* AVAILABLE RECORDS
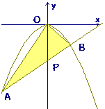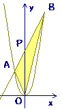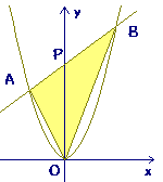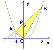 x2=x+2を解いて (→ x2−x−2=0 → (x+1)(x−2)=0 ) x=−1,2 直線ABがy軸と交わる点Pのy座標は y=x+2 から y=2
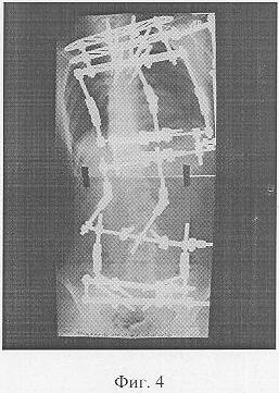 В операционной под действием эндотрахеального наркоза после 3-кратной обработки операционного поля 76° спиртом, через микронадрезы кожи в ножки дуг ThIV, ThV, ThVI, ThX, ThXI, LIII с двух сторон под контролем ЭОП вводят стержни-шурупы 1-6 (Фиг.1). Через микронадрезы кожи в крылья подвздошных костей вводят по два стержня – шурупа 7, 8 с двух сторон. Выполняют гемостаз.
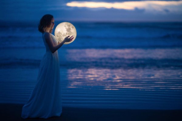 Девушка держит в руках луну
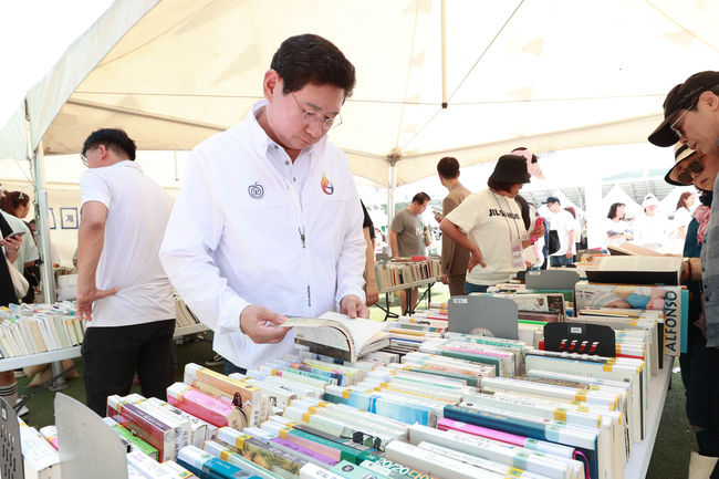 점심은 시장실에서 수행원들과 함께 컵라면으로 간단히 해결하고, 오후 1시쯤 시청 하늘광장으로 이동했다. 5년 만에 열린 ‘제5회 용인 북페스티벌’ 에 참석해 축사를 하고, 용인의 공공도서관과 작은 도서관, 지역 서점 등이 운영하는 체험 부스를 일일이 찾았다. 각 도서관에서 일정 기한이 지난 책들을 1천원에 판매하는 곳도 찾아서 진열대를 살펴 보고 책 두 권을 사기도 했는데, 이는 이 시장의 아이디어로 지난해 가을에도 수지도서관에서 시행한 바 있다. 이날 행사엔 시민 1만여 명이 참여했다.
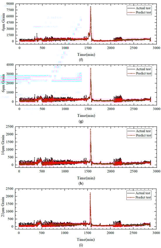 The four wear particles with different sizes presented in Figure 4f–i show the following highly consistent variation trends: fluctuating upward then declining from points 280 to 480; stabilizing from points 500 to 1480; surging then rapidly declining from points 1510 to 1540; and fluctuating from points 2020 to 2300, with stability in other phases. The predicted values are generally positioned in the middle region of actual values, effectively capturing overall trends, though with deviations in local peak and valley values. The overall results demonstrate that the model can reasonably capture overall trend changes and individual sudden variations, exhibiting a high reliability and consistency in long-sequence trend prediction.
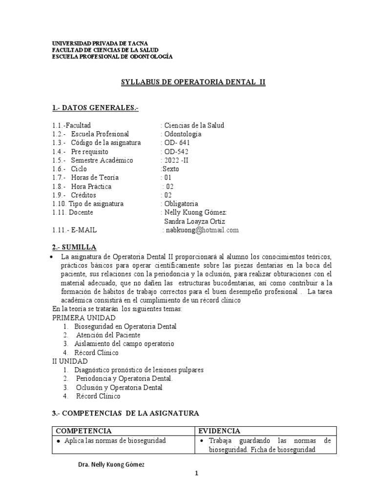 La asignatura de Operatoria Dental II proporcionará al alumno los conocimientos teóricos,
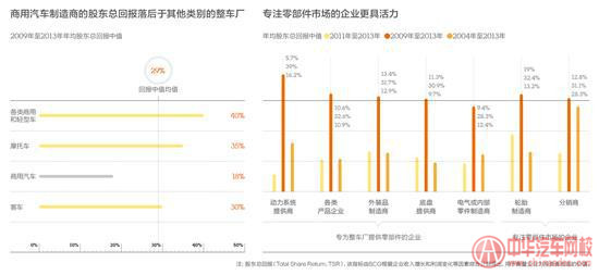 汽車制造商的股東在過去5年中都賺了不少,而汽車零部件企業的股東則賺得更多。零部件企業在2009年到2013年間的年均股東總回報中值達到了33%。但是,只有少量企業能多年一直保持價值增長。
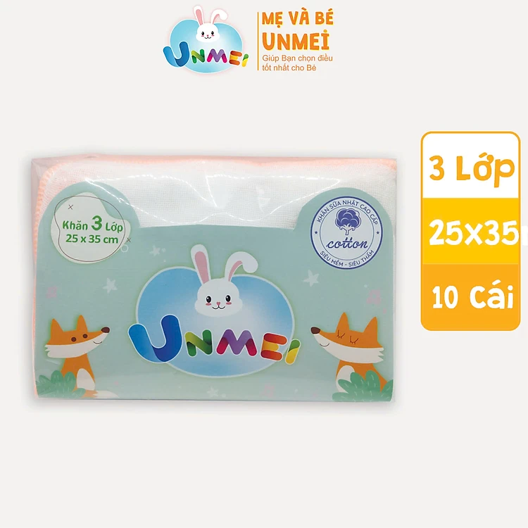 Bịch 10 Cái Khăn Sữa UNMEI 100% Cotton, Dày 3 Lớp Dành Cho Bé Từ Sơ Sinh (Kích Thước 25x35cm)
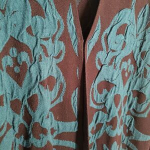 Chicos Women's 1 US M Textured Jacquard Print Long Cardigan Black Blue Knit
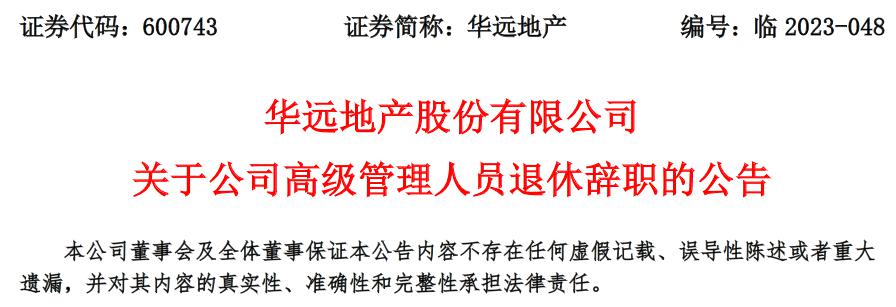 华远地产(600743)于 9 月 28 日发布晚间公告称,华远地产股份有限公司(以下简称"公司")董事会近日收到副总经理王晓昱女士的书面辞呈,因已到法定退休年龄,王晓昱女士申请辞去公司副总经理职务,辞职后将不再担任公司任何职务,且不存在应当履行而未履行的承诺事项。
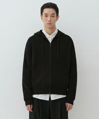 워셔블 수피마 코튼 니트 후디드 집업 [블랙]
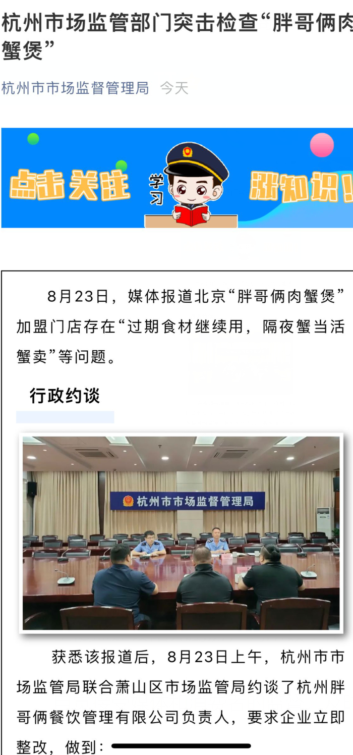 获悉该报道后,8月23日上午,杭州市市场监管局联合萧山区市场监管局约谈了杭州胖哥俩餐饮管理有限公司负责人,要求企业立即整改,做到:
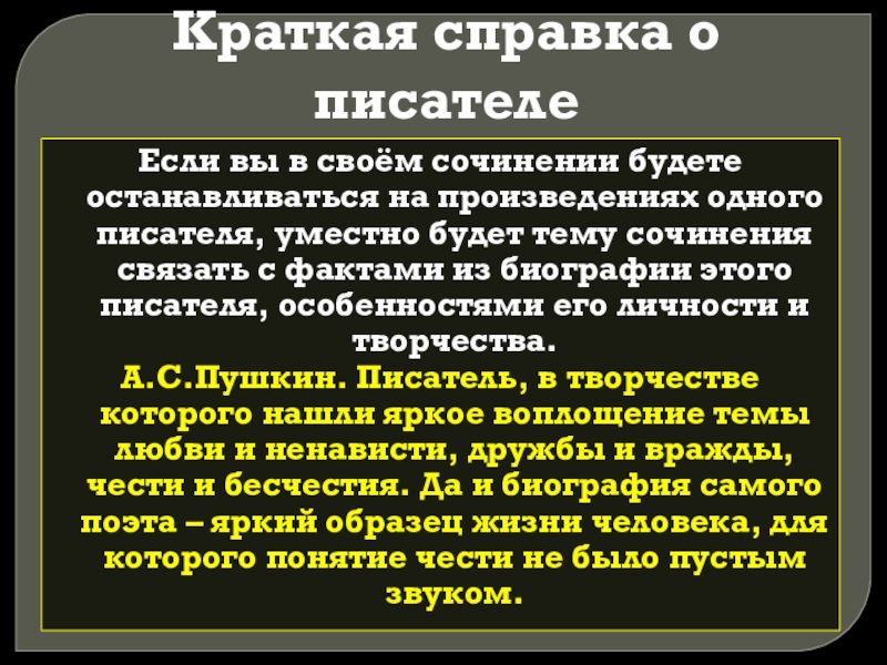 А.С.Пушкин. Писатель, в творчестве которого нашли яркое воплощение темы любви и ненависти, дружбы и вражды, чести и бесчестия. Да и биография самого поэта – яркий образец жизни человека, для которого понятие чести не было пустым звуком.
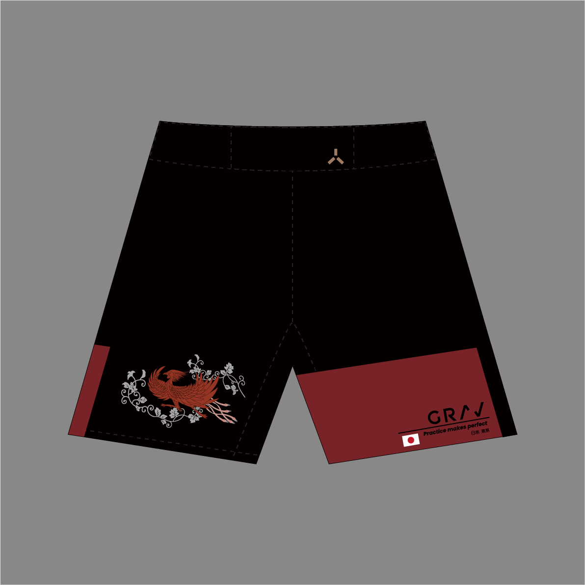 GRAV赤ハーフパンツはは、日本人が大切にしてきた戦う姿勢と不屈の精神を込めた一着。
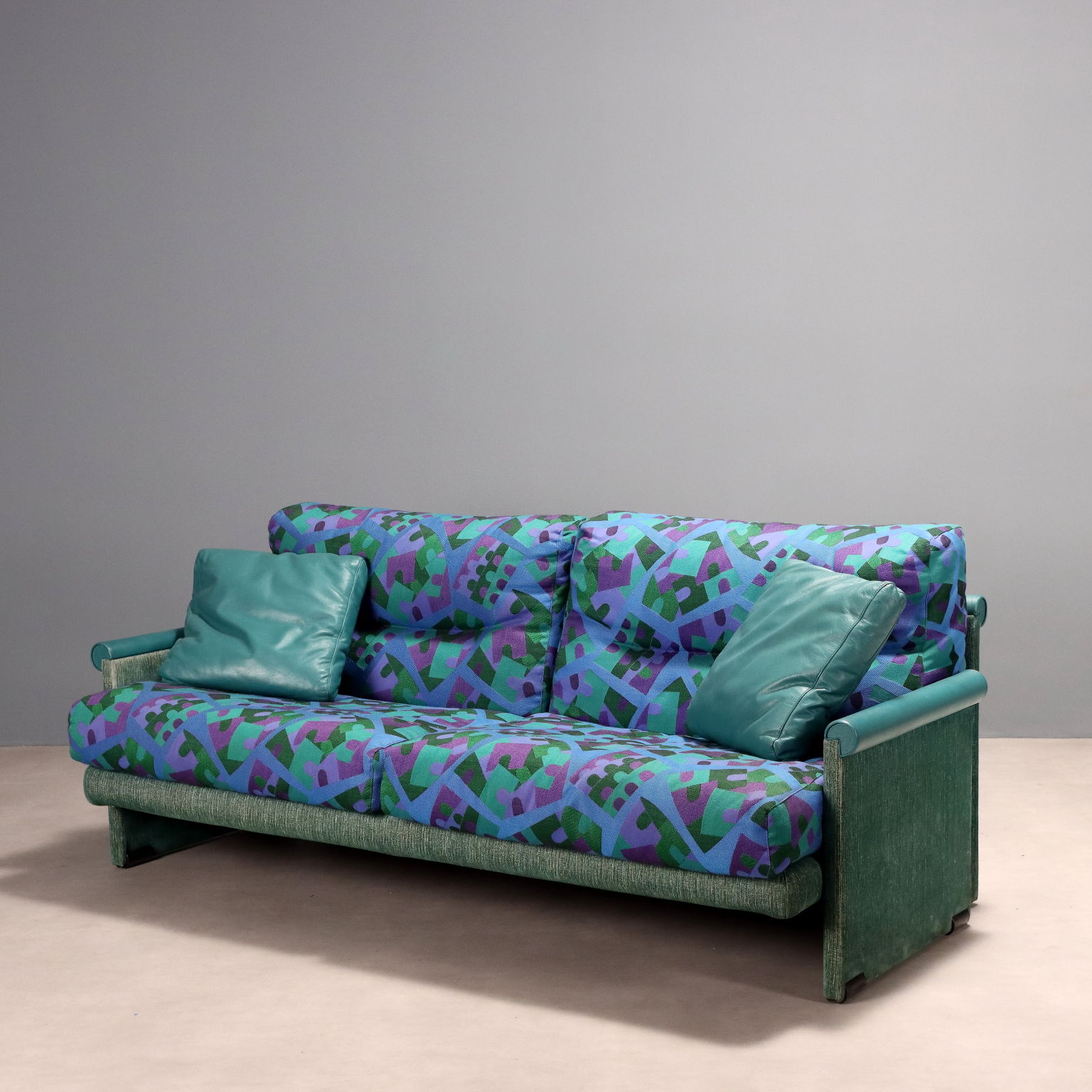 Vintage 2 Seater Sofa Fabric Leather Design Italy 1980s
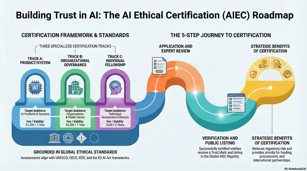 | Track A AI Product / System | AI developers, startups, tech firms | $1,500 | 1 year | Certification Badge, Assessment Report, AIEC Registry listing |
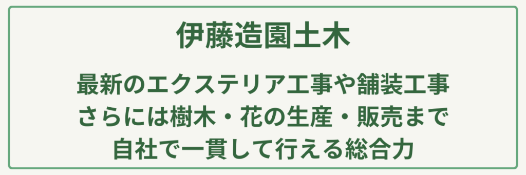 | ポイント | 1級造園施工管理技士・1級造園技能士など専門スタッフ在籍 |
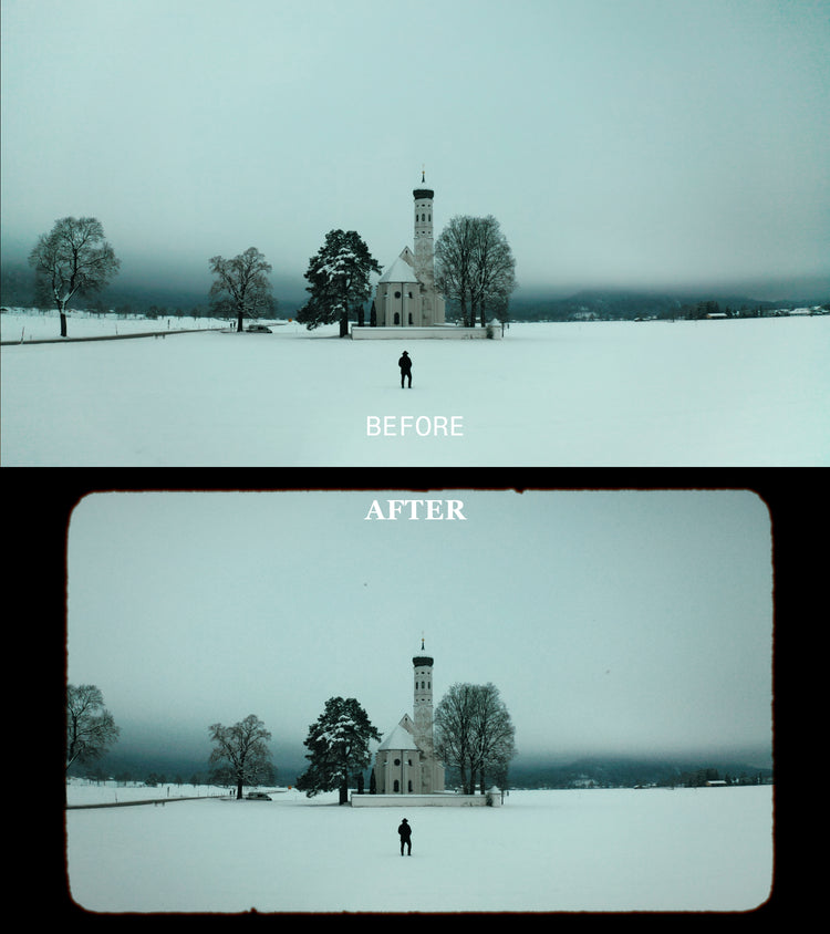 Drag and drop grain overlays inspired by 8mm, 16mm & 35mm film stock. Film gates created using real film scan for that authentic look.
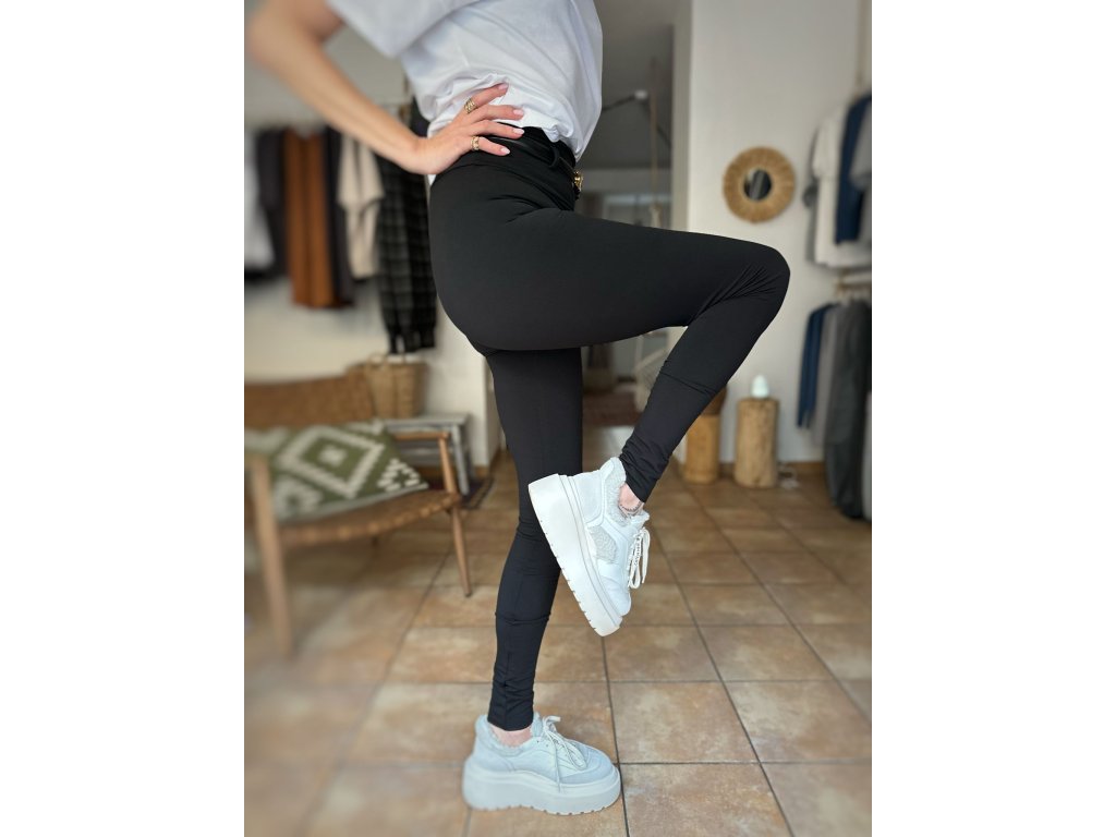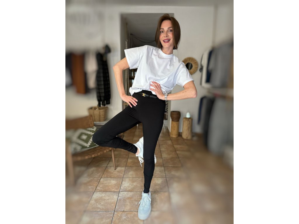 A teď ten detail, kvůli kterému se z legín stává outfit: poutka na pásek! Kožený. Černý. Zlatý. Se sponou. Bez spony. Najednou z nich nejsou „legíny na venčení dětí“, ale legoše k saku, do práce, na schůzku, večer na víno. Tyhle legíny se prostě nestyděj!

* INSTRUCTIONS TO FOLLOW
Only the lines that lie between the start of the listing and the line containing "Девушка держит в руках луну", both included, belong in the answer; write them out exactly and omit pictures.

* OUTPUT FOR THIS EXERCISE
 x2=x+2を解いて (→ x2−x−2=0 → (x+1)(x−2)=0 ) x=−1,2 直線ABがy軸と交わる点Pのy座標は y=x+2 から y=2
 В операционной под действием эндотрахеального наркоза после 3-кратной обработки операционного поля 76° спиртом, через микронадрезы кожи в ножки дуг ThIV, ThV, ThVI, ThX, ThXI, LIII с двух сторон под контролем ЭОП вводят стержни-шурупы 1-6 (Фиг.1). Через микронадрезы кожи в крылья подвздошных костей вводят по два стержня – шурупа 7, 8 с двух сторон. Выполняют гемостаз.
 Девушка держит в руках луну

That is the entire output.